A mulher em farrapos é o Rio de Janeiro - está escrito. As duas damas na praia com o Pão de Açúcar ao fundo são Buenos Aires e Montevideo – respectivamente, capital da Argentina e Uruguai.

Esta charge mordaz, um quadro escrito, retrata a imagem que a capital da jovem república sul-americana transmitia não apenas aos países vizinhos, mas aos visitantes em geral e, principalmente, aos próprios habitantes ao final do século XIX. Suja, insalubre, rebelde, desorganizada. Fazia-se necessário domar essa urbe selvagem e trazê-la para a esfera da modernidade e da civilização bem comportada.

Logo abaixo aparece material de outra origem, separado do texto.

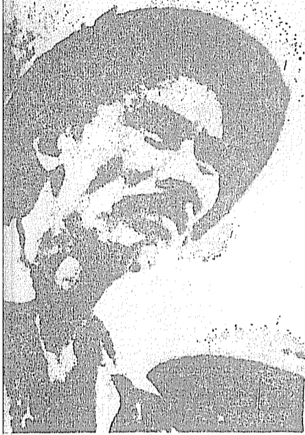
der del pueblo vietnamita

marada Ho Chi Minh dio orden de suspender el levantamiento del pueblo en las provincias de Cao Bang, Bac Can y Lang Son, señalando que las condiciones no estaban aún maduras; y el Buró Permanente del Comité Central criticó severamente el levantamiento armado en Vo Nhai y Dinh Ca el día 11 de noviembre de 1944, como actividades de tipo pequeño-burgués que revelaron prematuramente las fuerzas. Al mismo tiempo, señaló la necesidad de nuevas y más altas formas de lucha para impulsar el movimiento. Dentro de esta línea, el 22 de diciembre de 1944 se organizaba en Cao Bang el Destacamento de Propaganda del Ejército de Liberación de Vietnam, bajo el mando del camarada Vo Nguyen Giap, que junto a las ya existentes unidades del Ejército de Salvación Nacional llevaría adelante las luchas armadas combinadas con las políticas.

Para a ordem e o progresso.

O ano era 1896 e o artista, Ângelo Agostini, a frente do periódico ilustrado Dom Quixote. A República recém proclamada ainda carecia de legitimidade e identidade, e em nada a capital colonial e imperial melhorava a situação; a Constituição de 1891 determinava a construção de uma nova capital no Brasil central, o que viria a acontecer apenas décadas depois, com a criação de Brasília. Naquele momento, sem possibilidade de mudanças radicais, o governo republicano acabou por se ver na obrigação de domar a velha cidade, limpá-la do seu passado ancestral e varrer para baixo do tapete os sinais de pobreza, doença e sujeira. As reformas urbanas começariam nos primeiros anos do século XX e, se praticamente erradicaram algumas doenças até então endêmicas (como a varíola e a febre amarela), também expulsaram centenas de pessoas do centro da cidade, desprovidas de habitação, obrigadas a se mudarem para áreas afastadas dos polos de comércio e emprego em geral. A capital que surgiu depois das intervenções do prefeito Pereira Passos no início do século XX – ao menos, sua região central – era limpa, elegante, arejada, renovada e modernizada, como cabia às pretensões do governo republicano.

O Arquivo Nacional possui vários periódicos ilustrados do século XIX em seu acervo. Dom Quixote (J398), aqui apresentado, é um deles.